Under the advice of the provincial health officer, both TransLink and BC Transit suspended the practice of fare collection on buses to allow for a rear-door boarding policy that provides physical distancing between the bus driver and passengers.
On the matter of the multi-billion dollar expansion and improvement projects that were planned, including SkyTrain extensions to Arbutus and Fleetwood, TransLink staff were hesitant to state these projects would definitely be protected.
According to the provincial government, construction on the Millennium Line’s Broadway Extension is scheduled to begin at the end of 2020. TransLink is also planning to commence construction on the Expo Line’s Fraser Highway Extension to at least Fleetwood in early 2022.
TransLink has already tapped into its financial capacity for capital projects to ease its fiscal crisis. It has made debt-service savings from deferring some unspecified projects, and deferred transfers to municipal governments for the 2020 Major Road Network operations and maintenance. It is drawing on critical reserves that would otherwise be used for investment plans.
Cross says TransLink is analyzing the medium-term demand forecast from not only the economic recovery but how the public’s behaviour may have changed as a result of the pandemic.
“If we’re in an economic recovery that is quite quick, our more optimistic end is losing a year or two of ridership growth we would’ve seen. If it’s on the flip side, it could have longer lasting impacts. In between that, at least during the recovery period, people’s travel periods will change,” he said, noting there will be “some inertia on coming back to transit.”
The public is changing how they are making their trips, he says, as they are walking and using their car more.
He believes the public’s tolerance for crowding or overcrowding on the system may also be lower moving forward.

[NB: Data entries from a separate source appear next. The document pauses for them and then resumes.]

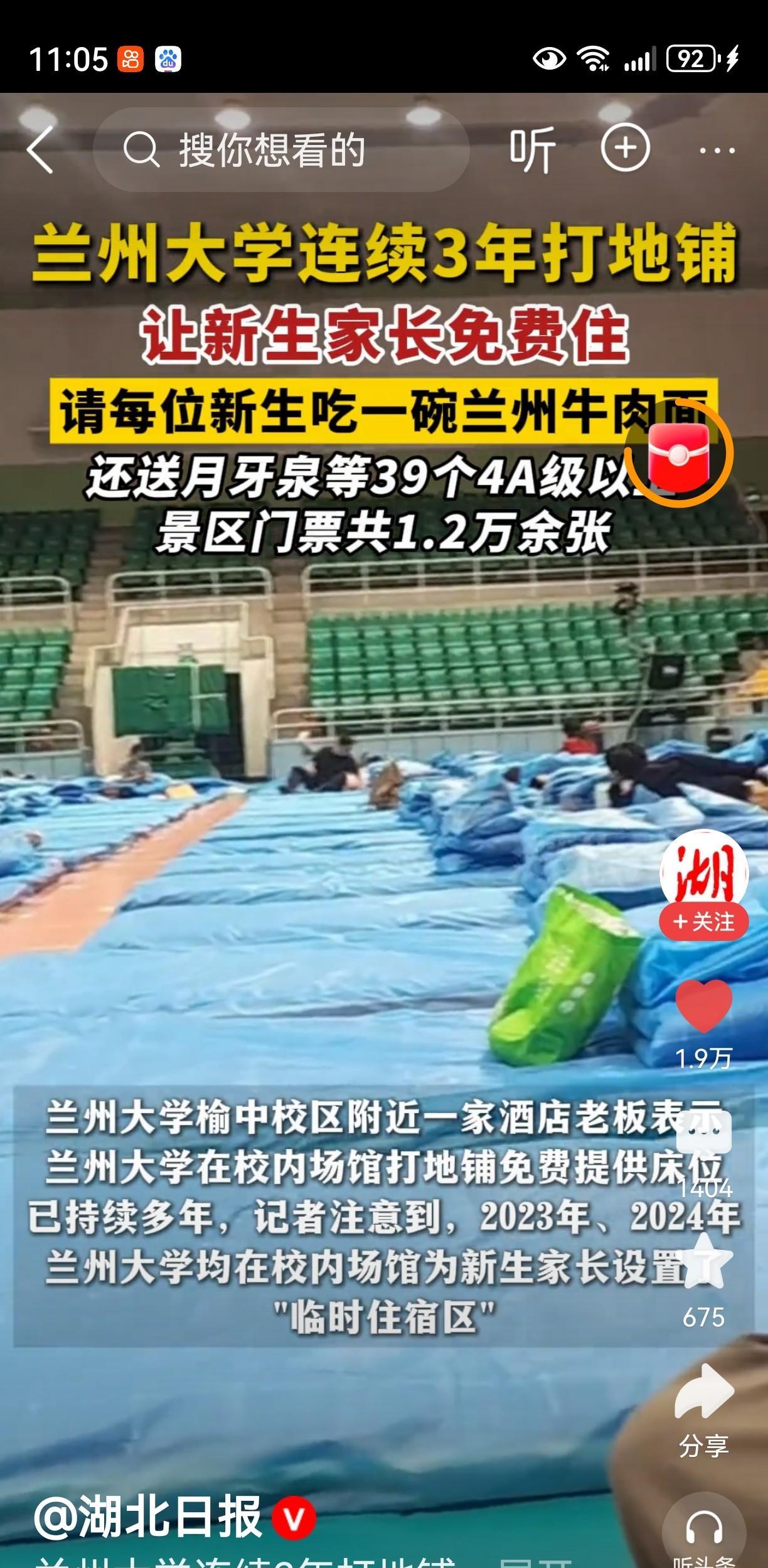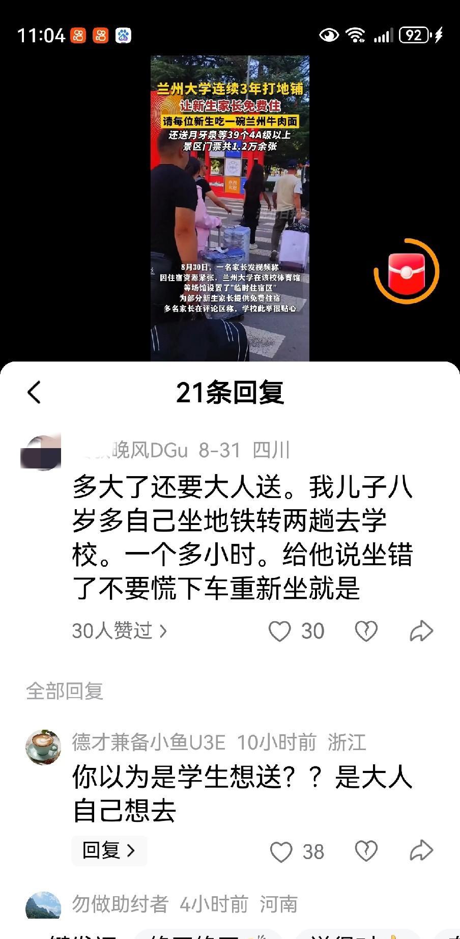 孩子上大学了,您会亲自送他(她)去吗?近日,兰州大学这波操作火出圈了。连续三年在体育馆临时搭建地铺住宿区,配备全套干净被褥,让新生家长免费住,24小时热水供应。还请每位新生吃一碗兰州牛肉面,还送月牙泉等39个4A级以上景区的门票。 虽然兰州大学位置有些偏远,因地域原因总被唱衰,但凭借为新生提供的一系列暖心福利,为这所名校又赢得了热度,这才是大学应该有的温度!让每一个孩子都能在父母的陪伴下,安心地踏入大学校门,而不用担心住宿费用的问题。 网友纷纷点赞刷屏,但也有不同的声音出现。有位网友评论说:多大了还要大人送,我儿子8岁多自己能转两次地铁去学校,一个多小时。 这位网友可能是觉得父母陪同过度保护,会削弱孩子的独立自主能力吧。 但我觉得,孩子们踏入大学校园那一刻是人生重要的里程碑,尤其考上名校,是父母乃至一个家族的荣耀和骄傲。如此关键时刻,父母和孩子一起来见证更有意义。 孩子首次离家到一个陌生的城市上学,最少要在这里生活四年,初来乍到,两眼一抹黑,作为父母多少会有些担忧。 陪孩子一起来报到,既是一种情感关怀,又是一种力量鼓舞,会给孩子带来更多的安全感。 可以看看校园什么样,寝室条件如何,食堂饭菜咋样,心里就有个数了。在学校门口留个影,跟孩子去食堂吃顿饭,帮孩子整理整理东西,置办一些生活用品,相信每一位做父母的都乐此不疲。另外,两口子还可以借此机会来这座城市旅旅游,多好啊,一举多得! 从此爸妈的手机里就多了一个城市的天气,日历上偷偷的数着寒假的归期,心里多了一份牵挂的甜蜜。 前几年新闻报道过,有一位女生上大学,10多口亲戚陪伴同行,带了六七个大皮箱,那个画面特别温馨感人。 我儿子上大学就在本地,10多年前,我们两口子开着车亲自送儿子去哈工大报到。那个场景还历历在目。 那么新生开学需不需要父母陪同呢?如果您的孩子上大学,您会亲自去送他(她)吗?欢迎大家来探讨。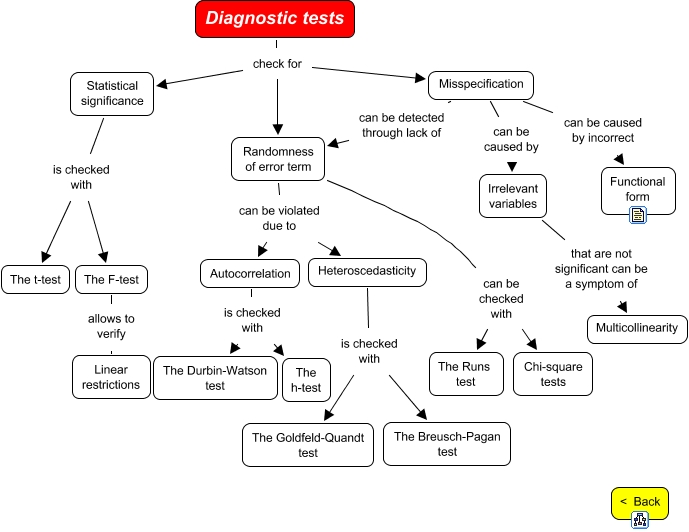 This Concept Map, created with IHMC CmapTools, has information related to: Diagnostic tests, Irrelevant variables that are not significant can be a symptom of Multicollinearity, Randomness of error term can be violated due to Heteroscedasticity, Randomness of error term can be violated due to Autocorrelation, Diagnostic tests check for Randomness of error term, Diagnostic tests check for Misspecification, Autocorrelation is checked with The Durbin-Watson test, Autocorrelation is checked with The h-test, Heteroscedasticity is checked with The Breusch-Pagan test, Misspecification can be detected through lack of Randomness of error term, Statistical significance is checked with The t-test, Statistical significance is checked with The F-test, Heteroscedasticity is checked with The Goldfeld-Quandt test, Diagnostic tests check for Statistical significance, The F-test allows to verify Linear restrictions, Misspecification can be caused by incorrect Functional form, Randomness of error term can be checked with Chi-square tests, Misspecification can be caused by Irrelevant variables, Randomness of error term can be checked with The Runs test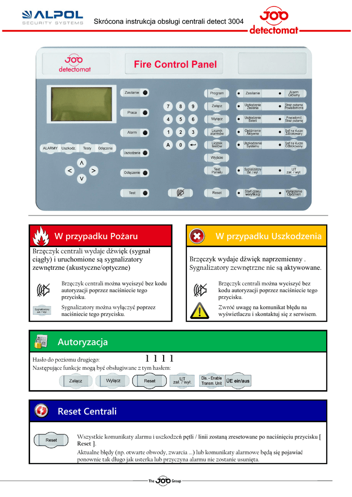 Skrócona instrukcja obsługi centrali detect 3004 W przypadku Pożaru W przypadku Uszkodzenia Brzęczyk centrali wydaje dźwięk (sygnał ciągły) i uruchomione są sygnalizatory zewnętrzne (akustyczne/optyczne) Brzęczyk wydaje dźwięk naprzemienny . Sygnalizatory zewnętrzne nie są aktywowane. Brzęczyk centrali można wyciszyć bez kodu autoryzacji poprzez naciśniecie tego przycisku. Brzęczyk centrali można wyciszyć bez kodu autoryzacji poprzez naciśniecie tego przycisku. Sygnalizatory można wyłączyć poprzez naciśniecie tego przycisku. Zwróć uwagę na komunikat błędu na wyświetlaczu i skontaktuj się z serwisem. Autoryzacja 1 1 1 1 Hasło do poziomu drugiego: Następujące funkcje mogą być obsługiwane z tym hasłem: Reset Centrali Wszystkie komunikaty alarmu i uszkodzeń pętli / linii zostaną zresetowane po naciśnięciu przycisku [ Reset ]. Aktualne błędy (np. otwarte obwody, zwarcia ...) lub komunikaty alarmowe będą się pojawiać ponownie tak długo jak usterka lub przyczyna alarmu nie zostanie usunięta. Skrócona instrukcja obsługi centrali detect 3004 Włączanie / wyłączanie czujników adresowalnych Przykład zastosowania Patrz na pierwszej stronie kod autoryzacji Wyłączenie detektorów 10-15 w strefie 2 Naciśnij 1 2 3 4 5 6 aby wyłączyć Klawisz [ 1 ] dla detektora 20-02-12 07:16:30 Wylacz detektor Wylacz strefe Sygnalizator wyl wylacz test Disable FireX Disable delay > 000 000 000 000 20-02-12 Strefa od detektor do detektor 000 000 07:16:32 : : : 000 000 Dla "Strefa:" wprowadź [ 2 ] i potwierdź Wprowadź [ 10 ] w "od Detektor" i potwierdź Wprowadź [ 15 ] w "do Detektor" i potwierdź Wszystkie odłaczone detektory zostana teraz pokazane na wyswielaczu lCD Wyłączenie całej strefy detektorów (np.: strefa czujek 5) Naciśnij 1 2 3 4 5 6 dla wyłączenia. Klawisz [ 2 ] by wybrać "Wyłącz strefę" 20-02-12 07:17:08 Wylacz detektor Wylacz strefe Sygnalizator wyl Wylacz test Wylacz Syst. Gasz. Wyłacz opoznienie> 000 000 000 000 20-02-12 07:17:09 Strefa od : do : 000 000 : 000 000 Wprowadź [ 5 ] w polu "od" I potwierdź. Wprowadź [ 5 ] w polu "do" I potwierdź . Wszystkie odłaczone strefy zostana teraz pokazane na wyswielaczu lCD Właczenie czujek i stref odbywa się za pomocą klawisza tak samo jak wyłaczenie. Włączanie i wyłączanie dalszych pozycji w menu odbywa się tak samo.

“Understanding the need from that perspective could change how quickly we need to roll out some capital projects, it may hasten the need for more space on the system. But then we need to layer in on whether we have the financial capacity to deliver the track we were thinking,” said Cross.
Over the longer term, considerations will need to be made on how the pandemic may have changed workplace behaviour, as there is the potential that it could permanently shift certain jobs from offices to homes.
Demand aside, there have been some positive signals from the federal government that they may accelerate public transit infrastructure spending as an economic stimulus. This could help ensure the SkyTrain expansions are built, while also accelerating other projects.
“This region is still destined to grow and thrive, and we do believe that TransLink and the many services it provides and support have to be an integral part to the future growth, economic prosperity, and quality of life,” said TransLink CEO Kevin Desmond.
“Those goals and aspirations that we had prior to this crisis, I don’t believe they’re going to change. Maybe how we operate and produce many of our tools and services, maybe those will change and evolve, but we will still need a strong place in this community.”